Жорж Ленотр - Повседневная жизнь Парижа во времена Великой революции Страница 33
Жорж Ленотр - Повседневная жизнь Парижа во времена Великой революции читать онлайн бесплатно
Госпожа Ролан с безграничной ловкостью вела всю интригу.
Известно, что в начале 1791 года супруги вернулись в Париж, чтобы пробыть там несколько месяцев. Ролан был уполномочен представить Национальному собранию прошения Коммуны и торговых палат Лиона. Супруга с невыразимой радостью увидела снова берега Сены. Остановились они в отеле «Британник» поблизости от площади Дофина, и, конечно, молоденькой Манон лестно было показать всему кварталу, что она стала настоящей дамой и принимает у себя видных людей. Действительно, друзья Ролана были у власти, и Манон сразу поняла, что настал час, когда и она может сыграть роль.
Она поспешила в Собрание и просила представить ей Бриссо, с которым она уже переписывалась. Сейчас же она стала мечтать о том, чтобы сделаться хозяйкой политического салона. Она пригласила Бриссо. Однажды вечером он явился и привел с собою Петиона. За ним пришел Клавьер, затем Бюзо, Луи де Ноайль, Вольфиус и младший Антуан. Робеспьер заставил себя просить; но так как он знал, что там говорили о политике, и любил быть в курсе дела, то не замедлил сделаться одним из завсегдатаев «Британника».
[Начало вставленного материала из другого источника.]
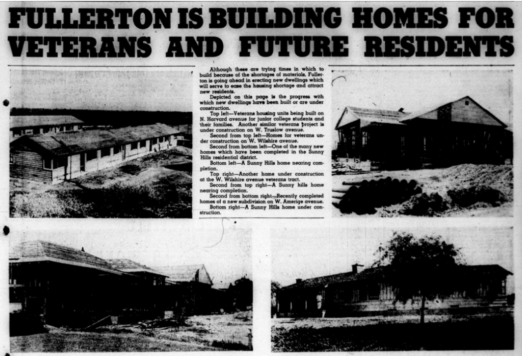 The Local History Room of the Fullerton Public Library has microfilm from the Fullerton Daily News-Tribune newspaper stretching back to 1893. I am in the process of reading over the microfilm, year by year, to get a sense of what was happening in the town over the years, and creating a mini archive. Here is a compilation of stories from the 1940s.
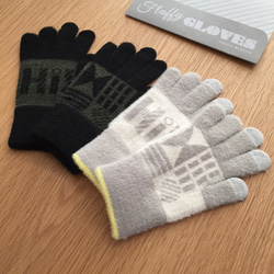 スマホ対応手袋 高感度 ふわふわ あったか fluffy gloves "Hi!' グレー 172005 防寒

Я могу представить себе, что общественные деятели нашего времени представляют собой лишь слабое подобие своих предков — членов Учредительного собрания и Конвента. Те были суровыми идеологами, начиненными теориями, и принимали всерьез свою роль членов парламента. Наши современники, люди более светские, менее педантичны и не брезгуют иногда, как мне кажется, сбросить с себя бремя государственных дел и отдохнуть от законодательных трудов. Но, как бы ни были преданны общественному делу такие люди, как Бюзо, Петион или Бриссо, я считаю неправдоподобным, чтобы между Собранием, где они мужественно заседали два раза в день, и клубом, где они регулярно проводили свои вечера, они испытывали желание собираться, чтобы снова говорить о политике. Этому я не могу поверить, хотя бы разговоры эти и происходили в обществе сурового Ролана, который представляется мне — бьггь может, я и ошибаюсь — чрезвычайно скучным человеком.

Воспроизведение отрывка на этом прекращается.